[183]. Arab. “Ibrík” usually a ewer, a spout-pot, from the Pers. Ab-ríz = water-pourer; the old woman thus vaunted her ceremonial purity. The basin and ewer are called in poetry “the two rumourers,” because they rattle when borne about.
[184]. Khátún in Turk. is = a lady, a dame of high degree; at times, as here and elsewhere, it becomes a P. N.
[185]. Arab. “Maut,” a word mostly avoided in the Koran and by the Founder of Christianity.
[186]. Arab. “Akákír,” drugs, spices, simples which cannot be distinguished without study and practice. Hence the proverb (Burckhardt, 703), Is this an art of drugs?—difficult as the druggist’s craft?
[187]. i.e. Beautiful as the fairy damsels who guard enchanted treasures, such as that of Al-Shamardal (vol. vi. 221).
[188]. i.e. by contact with a person in a state of ceremonial impurity; servants are not particular upon this point and “Salát mamlúkíyah” (Mameluke’s prayers) means praying without ablution.
[189]. i.e. Father of assaults, burdens or pregnancies; the last being here the meaning.

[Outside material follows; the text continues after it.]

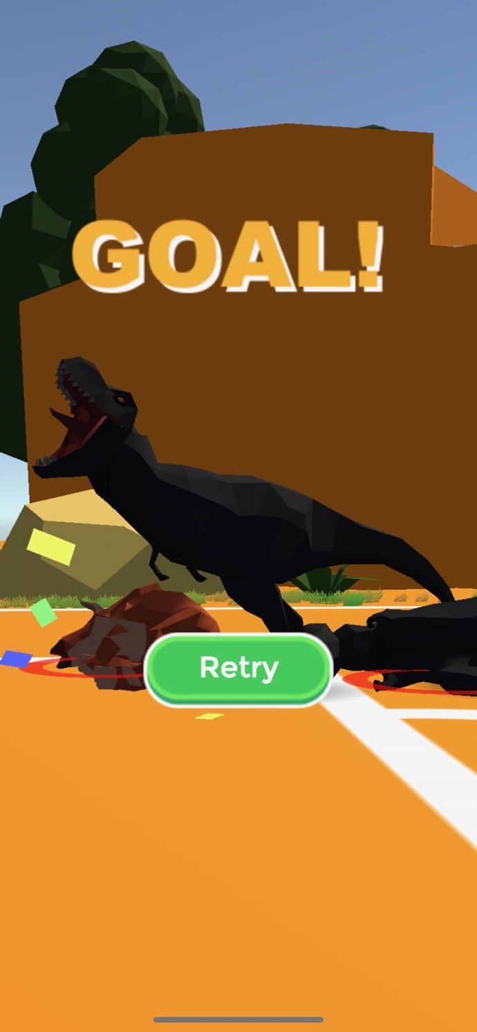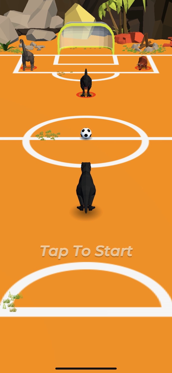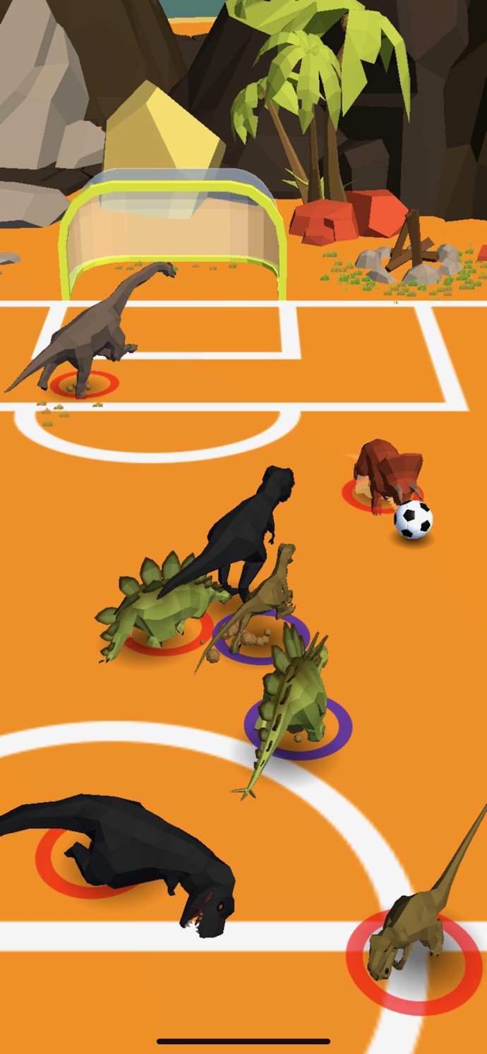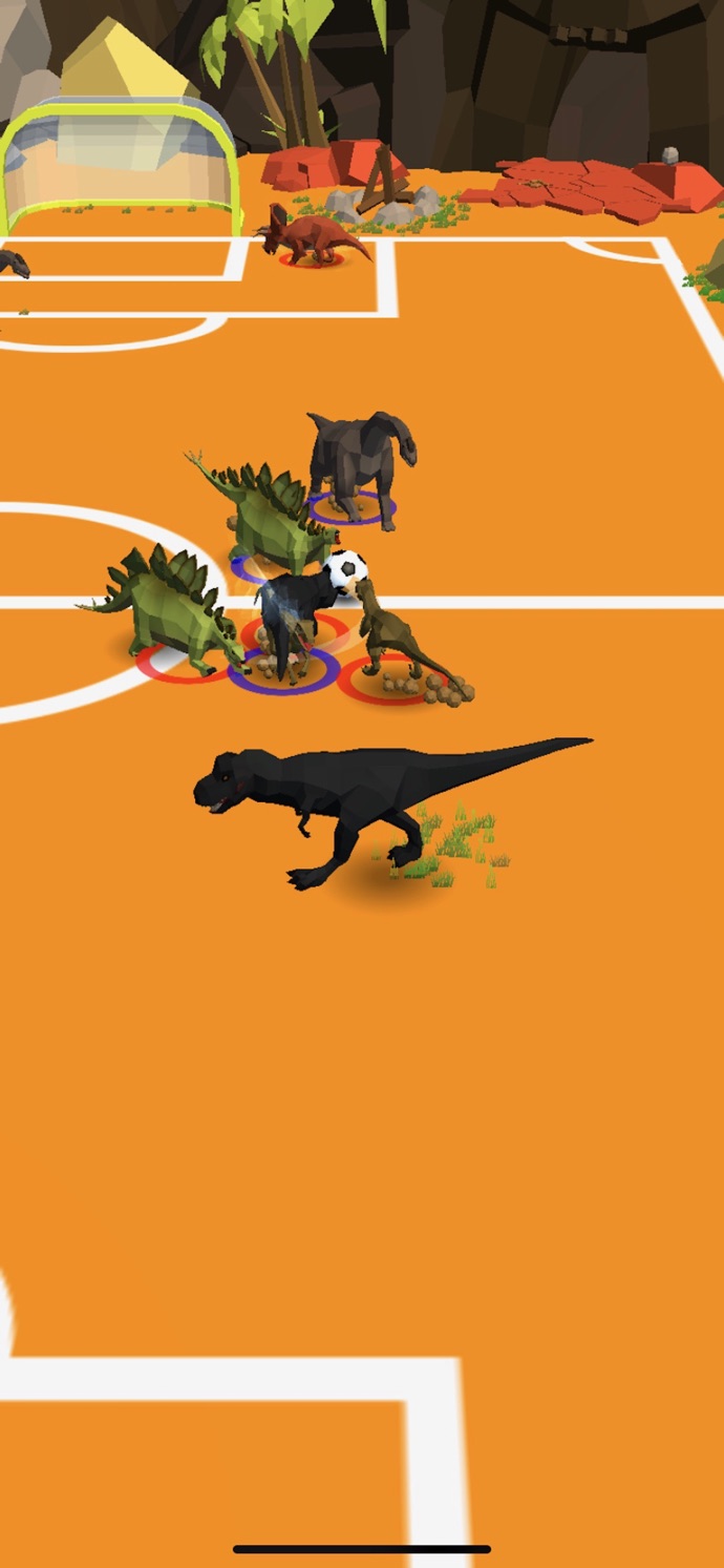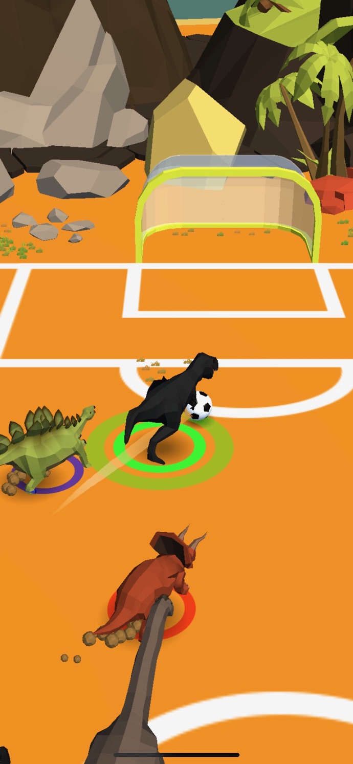 b、轻松的点击控制恐龙运球,并蓄力发起猛烈的攻击进球;
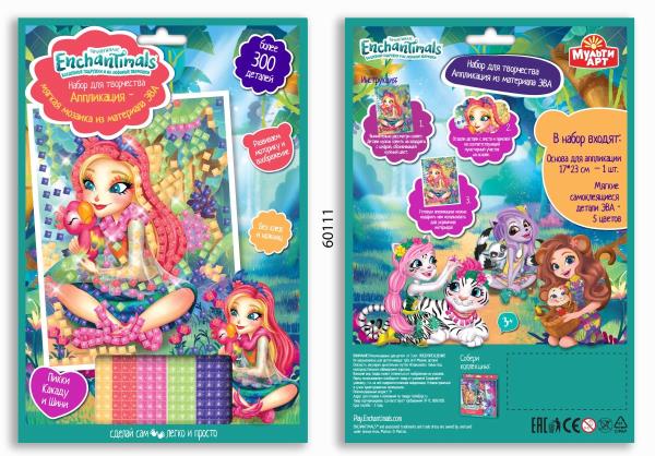 Набор д/детского тв-ва ЭНЧАНТИМАЛС аппликация мягкая мозаика (17х23 см) МУЛЬТИ АРТ в кор.100шт

[190]. Ex votos and so forth.
[191]. Arab. “Iksah,” plaits, braids, also the little gold coins and other ornaments worn in the hair, now mostly by the middle and lower classes. Low Europeans sometimes take advantage of the native prostitutes by detaching these valuables, a form of “bilking” peculiar to the Nile-Valley.
[192]. In Bresl. Edit. Malíh Kawí (pron. ’Awi), a Cairene vulgarism.